Oil and Gas Methane Science Studies

Since 2017, OGCI has been supporting a series of independent scientific studies that measure methane emissions from different types of oil and gas facilities around the world.

The data collected is intended to help companies and governments prioritize actions and policies to reduce methane emissions.

The International Methane Studies were conceptualized in the framework of the COP21 meeting in Paris in 2015. They bring together the efforts of OGCI, the Environmental Defense Fund (EDF), the Climate and Clean Air Coalition (CCAC) and the European Commission (EC) under the secretariat of United Nations Environment to produce independent scientific data on the methane emissions of the oil and gas sector.

Read about the Oil and Gas Methane Science Studies on the CCAC website

Until this programme was launched, most independent research on methane emissions from oil and gas had focused on US onshore facilities. Their findings showed wide variances across operations, with a few large emitters pushing up overall levels higher than expected – but it was not clear whether these findings could be extrapolated more generally.

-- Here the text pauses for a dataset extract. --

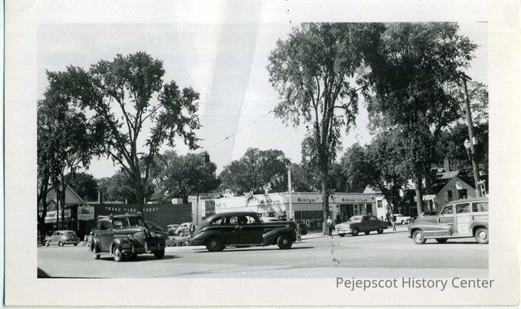 Corner of Maine and Pleasant Streets, 1950s, from east. Mobilgas Station at SW corner. In 2010, this was a 7-11 store.

The Oil and Gas Methane Science Studies use multiple methodologies – measuring on the ground, by air and by sea. They collect data on different types of infrastructure to make a robust quantification of global oil and gas methane emissions. The research is intended to fill knowledge gaps and help companies across the oil and gas value chain to reduce emissions in a more targeted way.

The research is conducted by separate independent teams of scientists, coordinated by Steve Hamburg, the Chief Scientist of EDF. Following peer review, the papers are now being published in a variety of scientific journals.

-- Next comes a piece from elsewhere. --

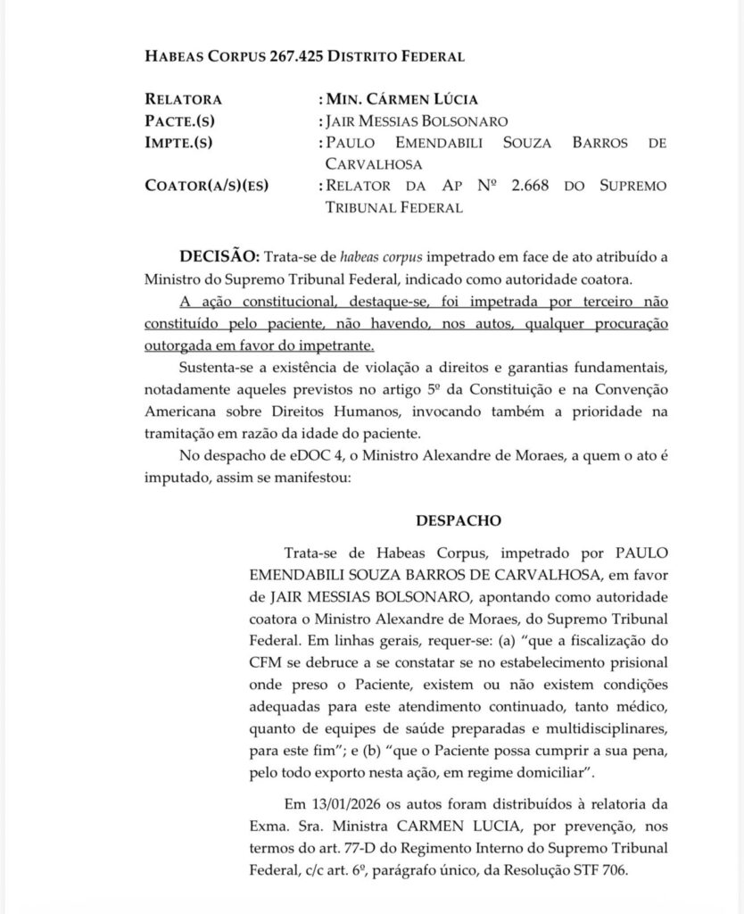 O habeas corpus em questão havia sido encaminhado ao decano na sexta-feira (16) pelo ministro Alexandre de Moraes, que se declarou impedido de julgar o caso por ser a autoridade coatora apontada na petição (responsável pelas decisões que mantêm Bolsonaro preso).

A dozen scientific studies have been funded so far under the CCAC Methane Studies programme to measure methane emissions in oil and gas supply chains. These cover the Gulf of Mexico, North Sea, midstream/downstream, global LNG, Australia, Norway and Africa.

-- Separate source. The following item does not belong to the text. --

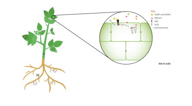 Unlike us, plants lack a centralised immune system with special cells to fight disease. In plants, every cell must defend itself. Here are some of the microorganisms which plants must recognise alongside a simplified model of the current understanding of plant immunity.

To date, five peer-reviewed papers have been published:

Gulf of Mexico

Methane Emissions from Offshore Oil and Gas Platforms in the Gulf of Mexico
Tara I. Yacovitch, Conner Daube, and Scott C. Herndon
Environmental Science & Technology 2020 54 (6), 3530-3538 (February 2020)

Abstract

Shipboard measurements of offshore oil and gas facilities were conducted in the Gulf of Mexico in February 2018. Species measured at 1 s include methane, ethane, carbon-13 (¹³C) and deuterium (D) isotopes of methane, and several combustion tracers. Significant variability in the emission composition is observed between individual sites, with typical ethane/methane ratios around 5.3% and ¹³C and D methane isotopic compositions around −40 and −240‰, respectively. Offshore plumes were spatially narrower than expectations of the plume width based on terrestrial atmospheric stability classes; a modified Gaussian dispersion methodology using empirically measured horizontal plume widths was used to estimate the emission rates. A total of 103 sites were studied, including shallow and deepwater offshore platforms and drillships. Methane emission rates range from 0 to 190 kg/h with 95% confidence limits estimated at a factor of 10. The observed distribution is skewed with the top two emitters accounting for 20% of the total methane emissions of all sampled sites. Despite the greater throughput of the deepwater facilities, they had moderate emission rates compared to shallow-water sites. Analysis of background ethane enhancements also suggests a source region in shallow waters. A complete 1 s measurement database is published for use in future studies of offshore dispersion.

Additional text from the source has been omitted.